Afterlives of the Rich and Famous

Anna Nicole Smith

Anna Nicole Smith was born Vickie Lynn Hogan on November 28, 1967, in Harris County, Texas. Her parents divorced when she was still an infant, and she and her mother, Virgie, a Houston law enforcement officer, briefly lived with her Aunt Elaine until Virgie remarried in 1971. She attended school in Houston until the ninth grade, when she was sent to live with another aunt, Kay Beall, in Mexia, Texas.

After failing her freshman year at Mexia High School, she decided she’d had enough of formal education, dropped out in her sophomore year, and promptly found a waitressing job at a fried chicken restaurant. There she met and fell in love with the restaurant’s cook; seventeen-year-old Vickie married sixteen-year-old Billy Wayne Smith on April 4, 1985. Their son, Daniel Wayne Smith, was born on January 22, 1986, and when the young couple separated in 1987, Anna Nicole moved back to Houston with her year-old son. The marriage legally ended in 1993.

She was performing as an exotic dancer in 1991, when she responded to a newspaper ad for upcoming Playboy auditions and was promptly chosen for the March 1992 cover of the magazine. It was also in 1991, at the strip club where she danced, that twenty-six-year-old Vickie Smith met eighty-nine-year-old billionaire J. Howard Marshall. They were married in 1994 amid a predictable swirl of accusations that she married him solely for his money, which she denied. He died thirteen months later, triggering a decade of court battles over his estate between Marshall’s sons and her.

In the meantime, Anna Nicole’s modeling career gained momentum. She was Playboy’s Playmate of the Year in 1993, having officially changed her name from Vickie Smith to Anna Nicole Smith by then, and that same year she signed a contract to model in print ads for both Guess Jeans and H & M Clothing.

Her very well endowed body attracted Hollywood attention, and she accepted the inevitable acting offers that came along, with no particular talent or success to show for them. By the late 1990s she’d reached that peculiar status of “famous for being famous,” and between a conspicuous weight gain, ongoing litigation over her late husband’s fortune, and increasingly bizarre behavior that often included slurred, almost incoherent speech in public, she became a tabloid staple. She ultimately attracted the attention of the E! cable network and, in 2002, The Anna Nicole Show, a “reality” series portraying her personal life in which her son, Daniel, was her constant companion and caretaker, enjoyed a dubious two-year run.

Her ongoing weight problem inspired an offer from a diet pill company called TrimSpa, and she became their spokesperson in 2003, reportedly losing sixty-nine pounds during her contract with them. By 2004 her behavior had become so alarmingly peculiar that rumors of drug problems were impossible to dismiss.

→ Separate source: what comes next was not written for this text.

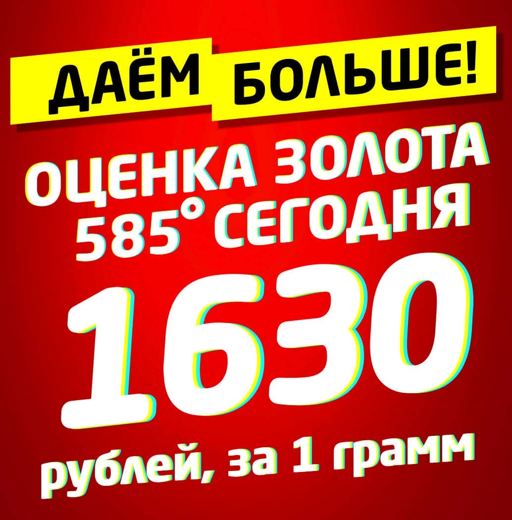 У нас очень хорошие новости! Мы увеличили стоимость оценки золота. Теперь оценка за 1 грамм 585 пробы 1630 рублей. Так же увеличена оценка и для изделий других проб. Для удобства расчета, воспользуйтесь нашим онлайн калькулятором.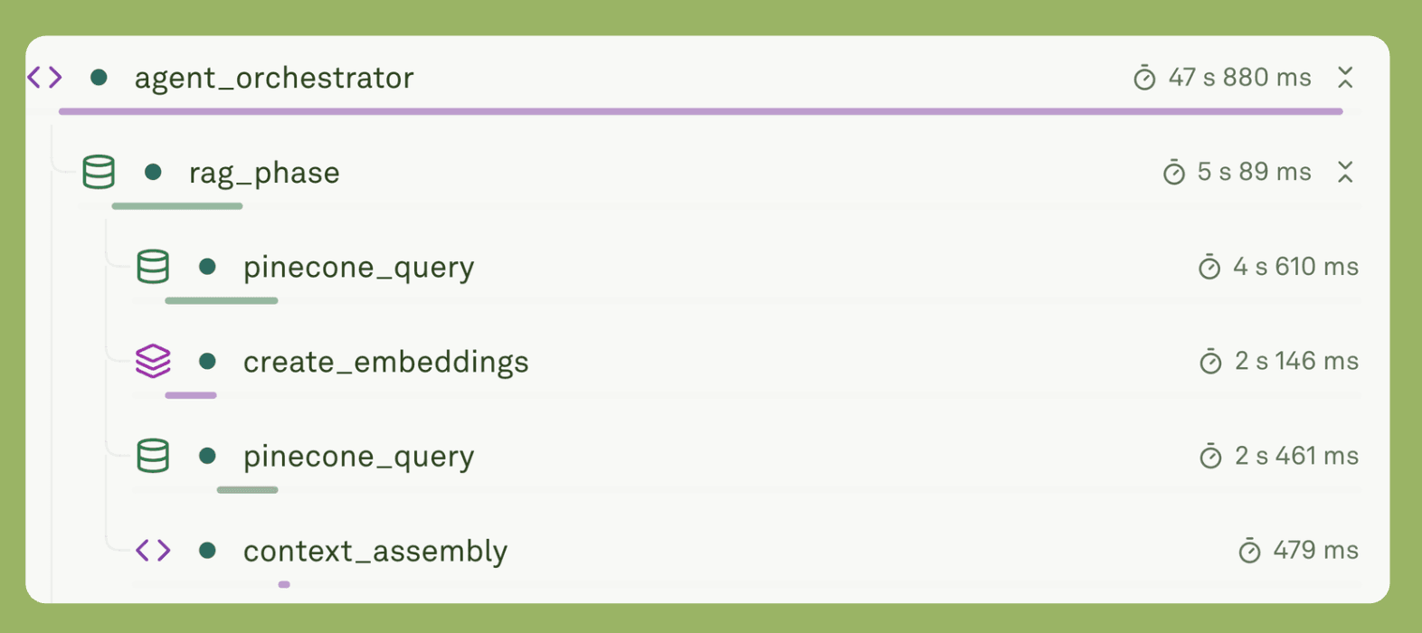 This plan determines which phases run. Simple queries skip the RAG phase entirely.

In the summer of 2006 Anna Nicole announced on her website that she was pregnant, and she was ecstatic at the birth of her daughter, Dannielynn, on September 7 at Doctors Hospital in the Bahamas. She’d been in a “secret relationship” with her attorney Howard K. Stern long enough that he believed he was the biological father and signed the birth certificate, although her former boyfriend, photographer Larry Birkhead, believed he was the father and sued to establish paternity.

Tragically, just three days after the birth of Dannielynn, Anna Nicole’s beloved Daniel, who’d arrived to meet his new baby sister, died in his mother’s hospital room of an apparent drug overdose at the age of twenty. The devastating death of Daniel, the paternity lawsuit over Dannielynn, and the ongoing rumors of addictions threw Anna Nicole into a relentless media spotlight, during which she tried to stabilize her emotional chaos by pledging her devotion to Howard K. Stern in a not legally binding commitment ceremony.

On February 8, 2007, Anna Nicole Smith was found unconscious in her room at the Seminole Hard Rock Hotel and Casino in Hollywood, Florida. Efforts to resuscitate her failed, and she died at the age of thirty-nine from what was ultimately ruled to be an accidental drug overdose involving nine different prescription medications, although no illegal drugs were found in her system.

The tabloid and legal frenzies over Anna Nicole Smith didn’t end with her death, as the paternity and custody suit between Howard K. Stern and Larry Birkhead over Dannielynn proceeded in front of a national television audience. DNA tests finally established that the baby girl was the child of Larry Birkhead, and he was immediately granted custody of her.

In 2010, Howard K. Stern and one of Anna Nicole’s doctors were found guilty of charges involving her use of prescription drugs. And the endless legal battle regarding the estate of Anna Nicole’s husband J. Howard Marshall rages on, in the name of her daughter, Dannielynn Birkhead.

From Francine

Anna Nicole was only on her second incarnation, which explains why she was so oddly naïve throughout her life and had such a difficult time understanding whom to trust. As often happens when writing a chart in the perfect bliss of Home, she designed a lifetime of excesses, temptations, and chaos she was convinced she’d be strong enough and have faith enough to overcome.
She compounded her upcoming challenges by choosing the two very difficult life themes of Rejection and Manipulator and charting herself to suffer from a bipolar disorder, which was never properly treated. (Sylvia often compares the exaggerated bravado of writing our charts in an atmosphere of sacred perfection to shopping for groceries when you’re very hungry.) Anna Nicole’s sincere but overzealous courage in preparation for her latest brief trip to earth was bolstered by the fact that she charted her father from her first incarnation to be by her side, in the form of her son, Daniel.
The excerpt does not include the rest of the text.